TASK TO COMPLETE:
Exclude images; transcribe the rest of the data exactly.

AVAILABLE DATA:
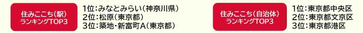 •「住みここち(駅)ランキング」は、駅徒歩15分以内に居住している回答者が30名以上の駅を、「住みここち(自治体)ランキング」は回答者50名以上の自治体を対象に集計しています。
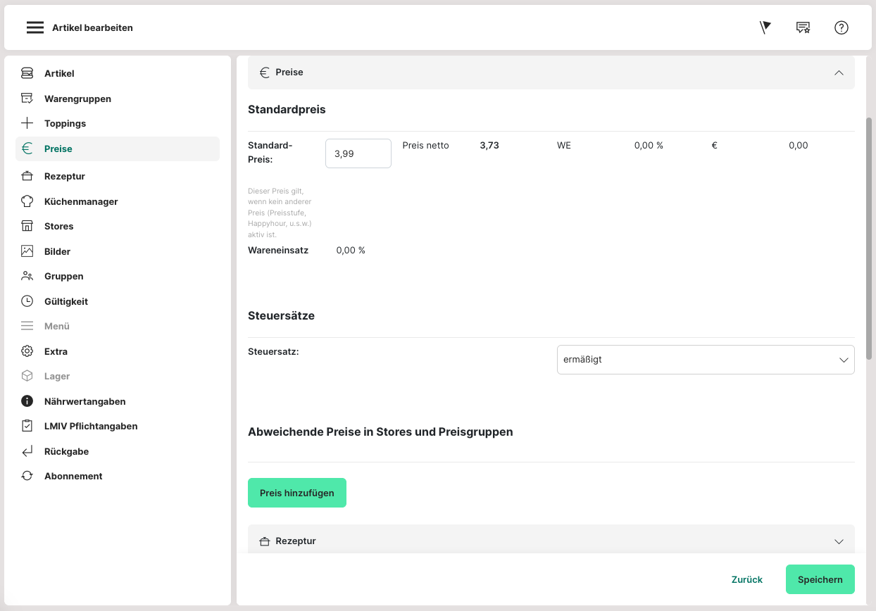Wurde beispielsweise ein Getränk angelegt, bei dem einen Grundpreis angeben werden muss, sind die beiden nächsten Felder relevant.
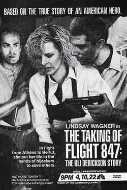 The Taking of Flight 847: The Uli Derickson Story (also known as The Flight[1]) is a 1988 American made-for-television drama film based on the actual hijacking of TWA Flight 847 as seen through the eyes of flight purser Uli Derickson, the chief flight attendant.[2] Derickson herself acted as a consultant for the film. The film was directed by Paul Wendkos and showcases the first 48 hours of the hijacking until Derickson's liberation. The film premiered on NBC on May 2, 1988.[3]
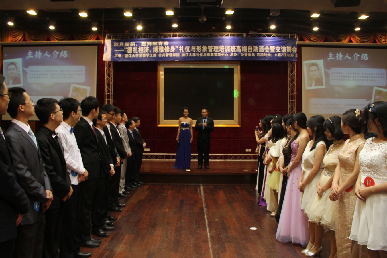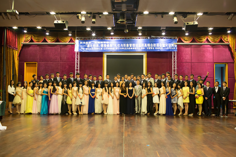 2014年11月2日晚,由浙江大学党委学生工作部、公共管理学院、礼仪与形象管理中心主办、浙江大学公共管理学院青年马克思主义者(学生骨干)培养学院承办的“德礼相济,博雅修身”礼仪与形象管理培训班高端自助酒会暨交谊舞会,于浙江大学科技园会议中心举行。本次活动吸引到培训班全体学员及其亲友团共计80余位同学盛装出席。出席本次活动的嘉宾有浙江大学党委学生工作部部长、礼仪与形象管理中心主任邬小撑老师,浙江大学公共管理学院党委书记、礼仪与形象管理中心顾问沈文华老师,浙江大学公共管理学院党委副书记、礼仪与形象管理中心副主任包松老师,浙江大学礼仪与形象管理中心讲师卓亨逵、陈超、闫小龙、车淼洁、韩永亮、潘临灵、苏腾老师。活动由公共管理学院社会学系郭俊伟博士、2012级本科生茶继媛主持,2013级本科生胡佳琦担任活动司仪。

RESPONSE FOR THIS EXERCISE:
 •「住みここち(駅)ランキング」は、駅徒歩15分以内に居住している回答者が30名以上の駅を、「住みここち(自治体)ランキング」は回答者50名以上の自治体を対象に集計しています。
Wurde beispielsweise ein Getränk angelegt, bei dem einen Grundpreis angeben werden muss, sind die beiden nächsten Felder relevant.
 The Taking of Flight 847: The Uli Derickson Story (also known as The Flight[1]) is a 1988 American made-for-television drama film based on the actual hijacking of TWA Flight 847 as seen through the eyes of flight purser Uli Derickson, the chief flight attendant.[2] Derickson herself acted as a consultant for the film. The film was directed by Paul Wendkos and showcases the first 48 hours of the hijacking until Derickson's liberation. The film premiered on NBC on May 2, 1988.[3]
 2014年11月2日晚,由浙江大学党委学生工作部、公共管理学院、礼仪与形象管理中心主办、浙江大学公共管理学院青年马克思主义者(学生骨干)培养学院承办的“德礼相济,博雅修身”礼仪与形象管理培训班高端自助酒会暨交谊舞会,于浙江大学科技园会议中心举行。本次活动吸引到培训班全体学员及其亲友团共计80余位同学盛装出席。出席本次活动的嘉宾有浙江大学党委学生工作部部长、礼仪与形象管理中心主任邬小撑老师,浙江大学公共管理学院党委书记、礼仪与形象管理中心顾问沈文华老师,浙江大学公共管理学院党委副书记、礼仪与形象管理中心副主任包松老师,浙江大学礼仪与形象管理中心讲师卓亨逵、陈超、闫小龙、车淼洁、韩永亮、潘临灵、苏腾老师。活动由公共管理学院社会学系郭俊伟博士、2012级本科生茶继媛主持,2013级本科生胡佳琦担任活动司仪。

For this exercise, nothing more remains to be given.